** Problem details **
Output exactly, in the material below, the lines from the one with "A tourist visits" through the one with "GOTTFRIED GAISBERGER Unser". Omit all pictures.

** Available data **
☆ ☆ ☆ ☆

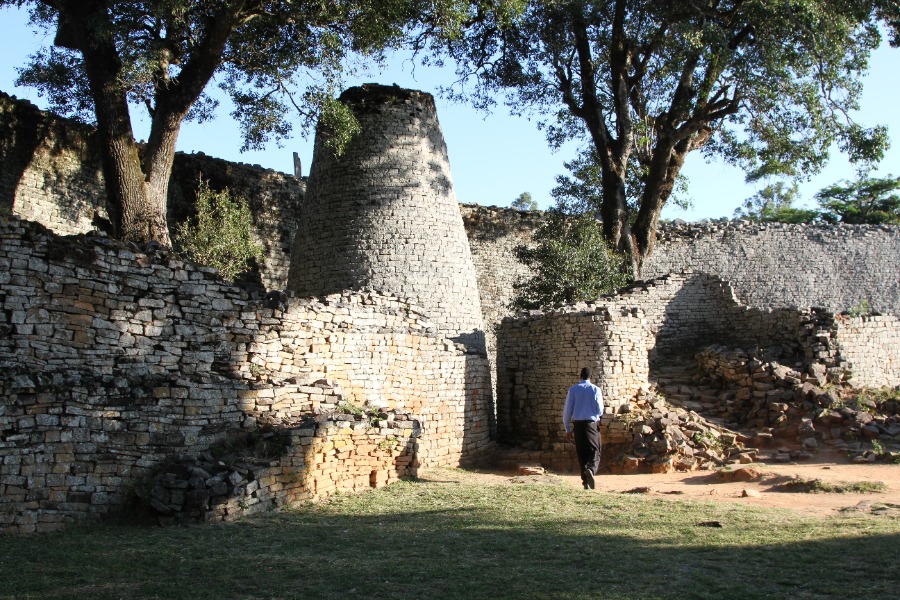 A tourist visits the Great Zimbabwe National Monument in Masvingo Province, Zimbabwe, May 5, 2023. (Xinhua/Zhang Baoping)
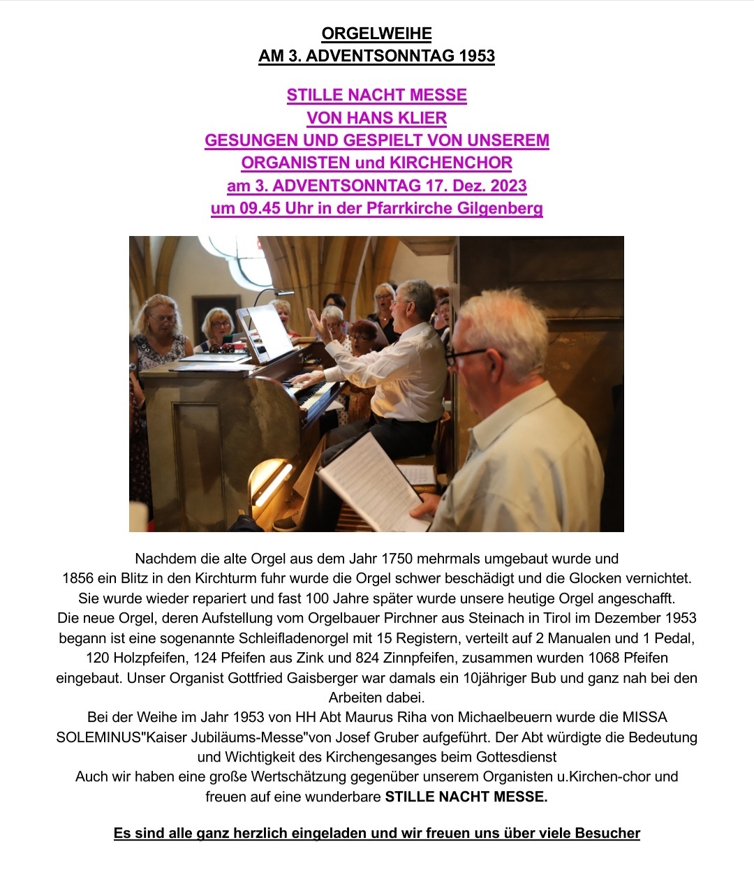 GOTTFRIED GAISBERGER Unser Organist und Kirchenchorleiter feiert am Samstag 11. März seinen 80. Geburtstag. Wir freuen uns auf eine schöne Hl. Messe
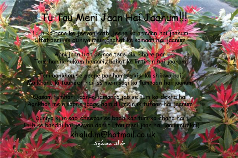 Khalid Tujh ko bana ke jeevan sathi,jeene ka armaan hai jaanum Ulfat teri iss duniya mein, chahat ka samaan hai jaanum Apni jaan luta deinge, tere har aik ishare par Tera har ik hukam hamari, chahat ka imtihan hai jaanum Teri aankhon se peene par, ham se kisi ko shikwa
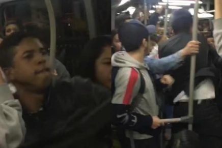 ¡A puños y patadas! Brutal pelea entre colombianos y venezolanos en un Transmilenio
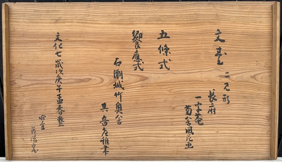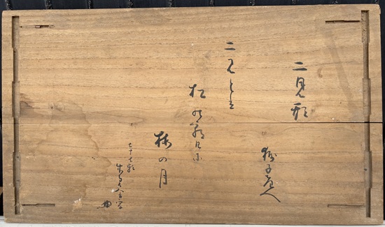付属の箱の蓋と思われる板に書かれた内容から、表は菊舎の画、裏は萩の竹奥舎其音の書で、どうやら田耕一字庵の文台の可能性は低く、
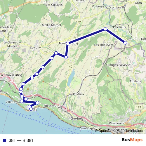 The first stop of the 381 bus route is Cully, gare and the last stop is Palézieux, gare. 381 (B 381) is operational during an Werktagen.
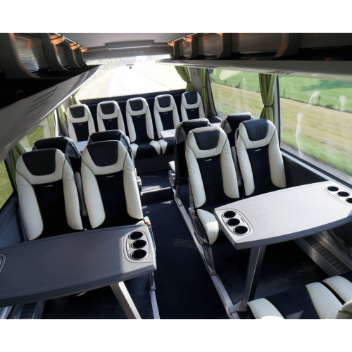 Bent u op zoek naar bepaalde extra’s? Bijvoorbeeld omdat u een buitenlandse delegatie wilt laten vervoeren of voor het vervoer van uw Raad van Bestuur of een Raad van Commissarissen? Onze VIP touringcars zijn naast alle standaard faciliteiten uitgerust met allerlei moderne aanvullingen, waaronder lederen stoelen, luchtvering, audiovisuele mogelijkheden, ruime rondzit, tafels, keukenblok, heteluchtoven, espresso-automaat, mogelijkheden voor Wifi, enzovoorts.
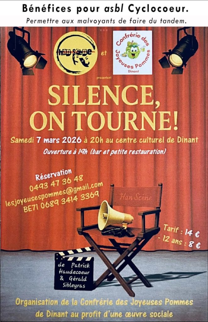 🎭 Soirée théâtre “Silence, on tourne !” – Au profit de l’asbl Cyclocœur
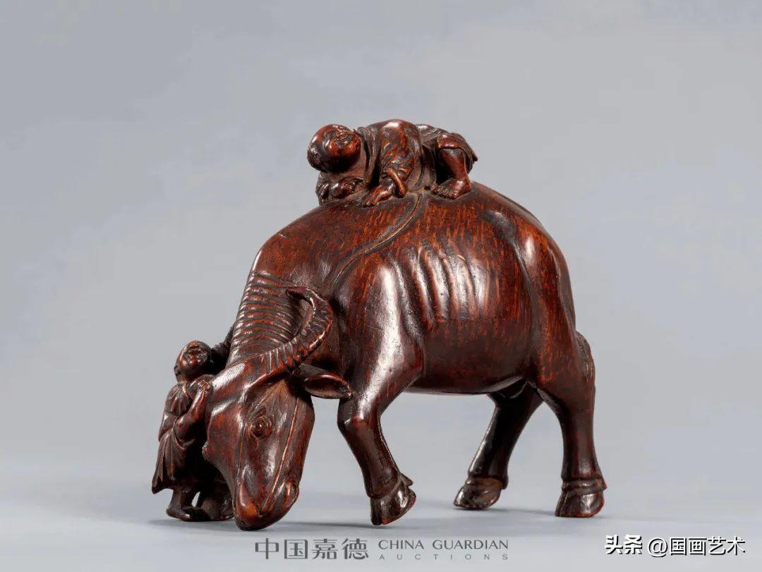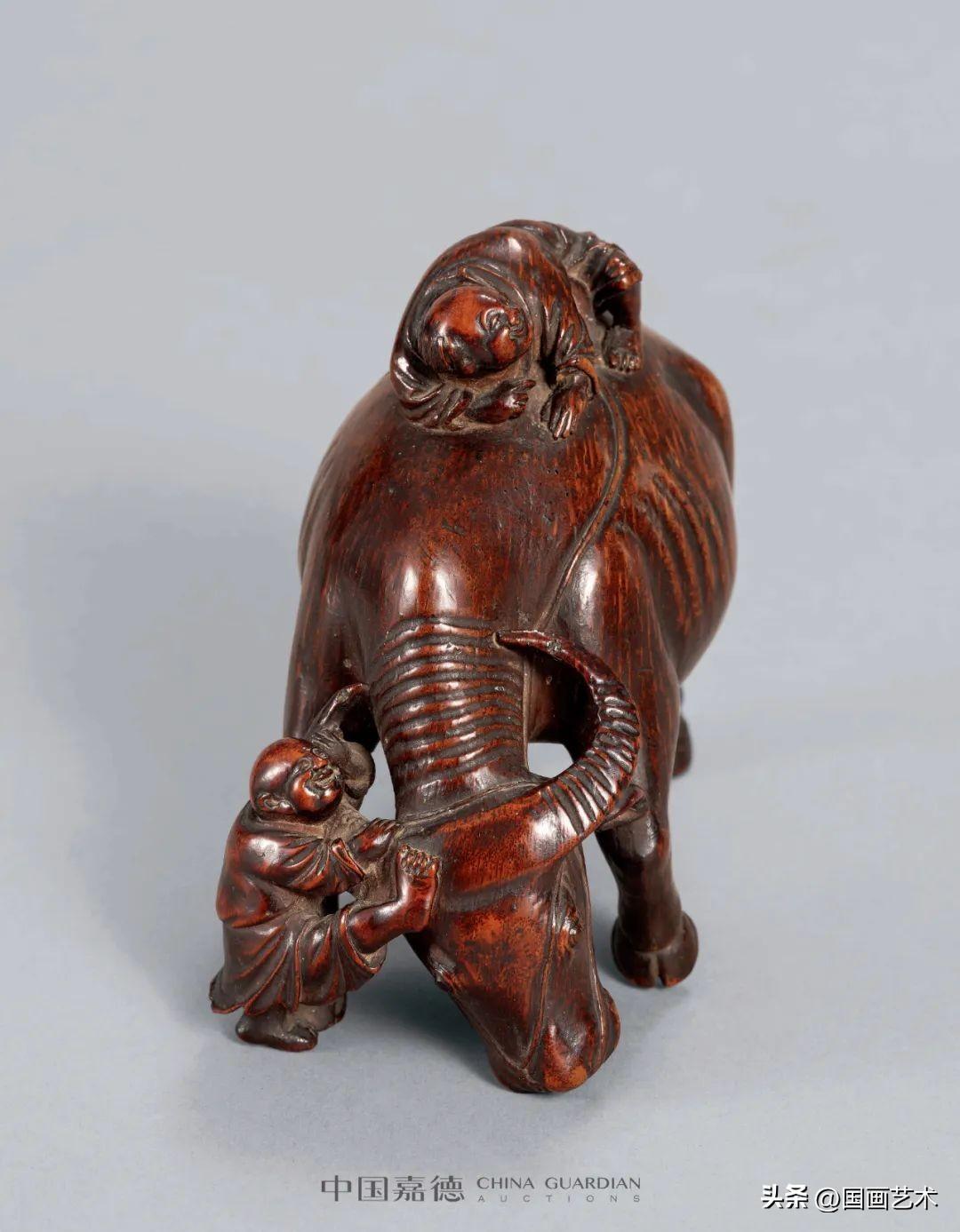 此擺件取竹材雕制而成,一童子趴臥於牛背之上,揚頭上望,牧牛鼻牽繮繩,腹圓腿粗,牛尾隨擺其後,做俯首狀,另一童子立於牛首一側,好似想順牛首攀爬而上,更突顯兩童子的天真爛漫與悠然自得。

☆ ☆ ☆ ☆

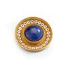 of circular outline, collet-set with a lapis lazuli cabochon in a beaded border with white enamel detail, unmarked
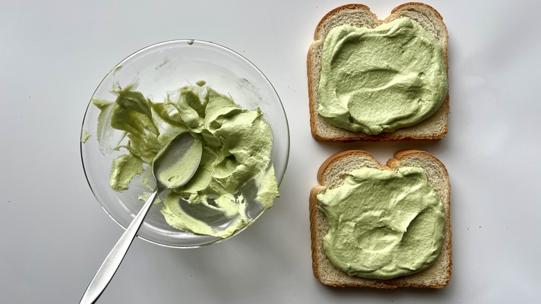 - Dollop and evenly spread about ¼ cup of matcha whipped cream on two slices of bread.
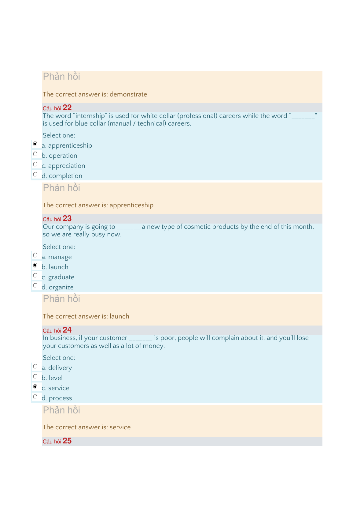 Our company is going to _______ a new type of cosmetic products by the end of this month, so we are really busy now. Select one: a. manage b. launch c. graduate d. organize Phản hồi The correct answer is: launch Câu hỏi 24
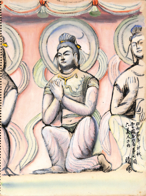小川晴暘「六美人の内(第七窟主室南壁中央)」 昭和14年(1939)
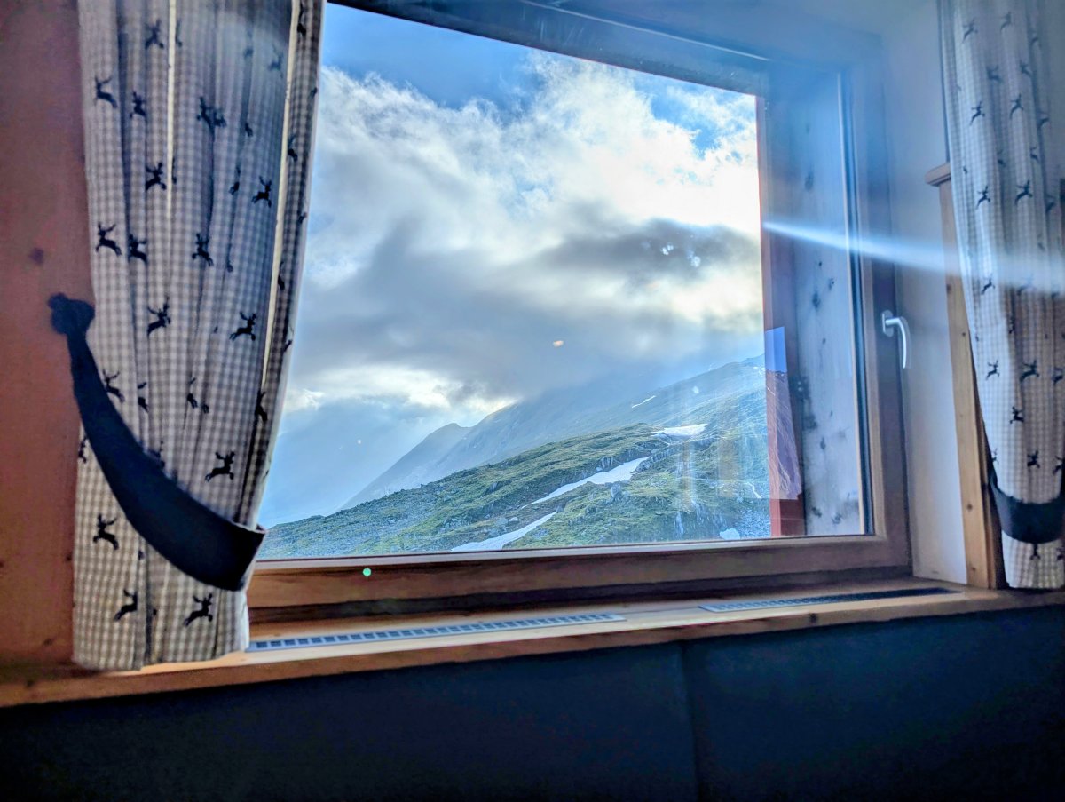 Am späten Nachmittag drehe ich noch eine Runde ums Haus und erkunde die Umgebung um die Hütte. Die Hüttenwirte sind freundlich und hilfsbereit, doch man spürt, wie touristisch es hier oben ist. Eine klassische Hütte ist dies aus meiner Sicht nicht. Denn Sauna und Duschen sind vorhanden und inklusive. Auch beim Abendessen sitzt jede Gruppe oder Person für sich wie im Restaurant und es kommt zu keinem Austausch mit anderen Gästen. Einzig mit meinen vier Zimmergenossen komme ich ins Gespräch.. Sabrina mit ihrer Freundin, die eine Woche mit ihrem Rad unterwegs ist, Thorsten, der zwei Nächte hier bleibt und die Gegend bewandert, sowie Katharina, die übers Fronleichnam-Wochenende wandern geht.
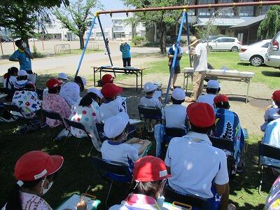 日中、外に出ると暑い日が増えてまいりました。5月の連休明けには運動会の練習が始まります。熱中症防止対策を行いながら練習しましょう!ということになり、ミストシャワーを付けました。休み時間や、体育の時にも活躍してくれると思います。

☆ ☆ ☆ ☆

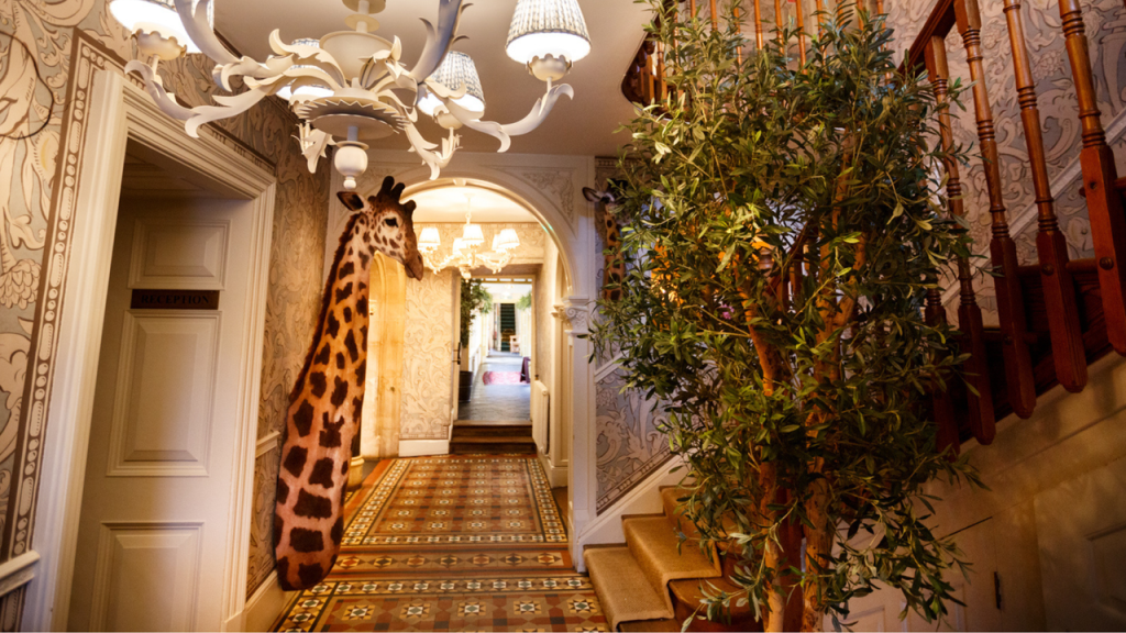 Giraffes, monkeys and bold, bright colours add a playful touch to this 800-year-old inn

☆ ☆ ☆ ☆

** Response to this task **
 A tourist visits the Great Zimbabwe National Monument in Masvingo Province, Zimbabwe, May 5, 2023. (Xinhua/Zhang Baoping)
 GOTTFRIED GAISBERGER Unser Organist und Kirchenchorleiter feiert am Samstag 11. März seinen 80. Geburtstag. Wir freuen uns auf eine schöne Hl. Messe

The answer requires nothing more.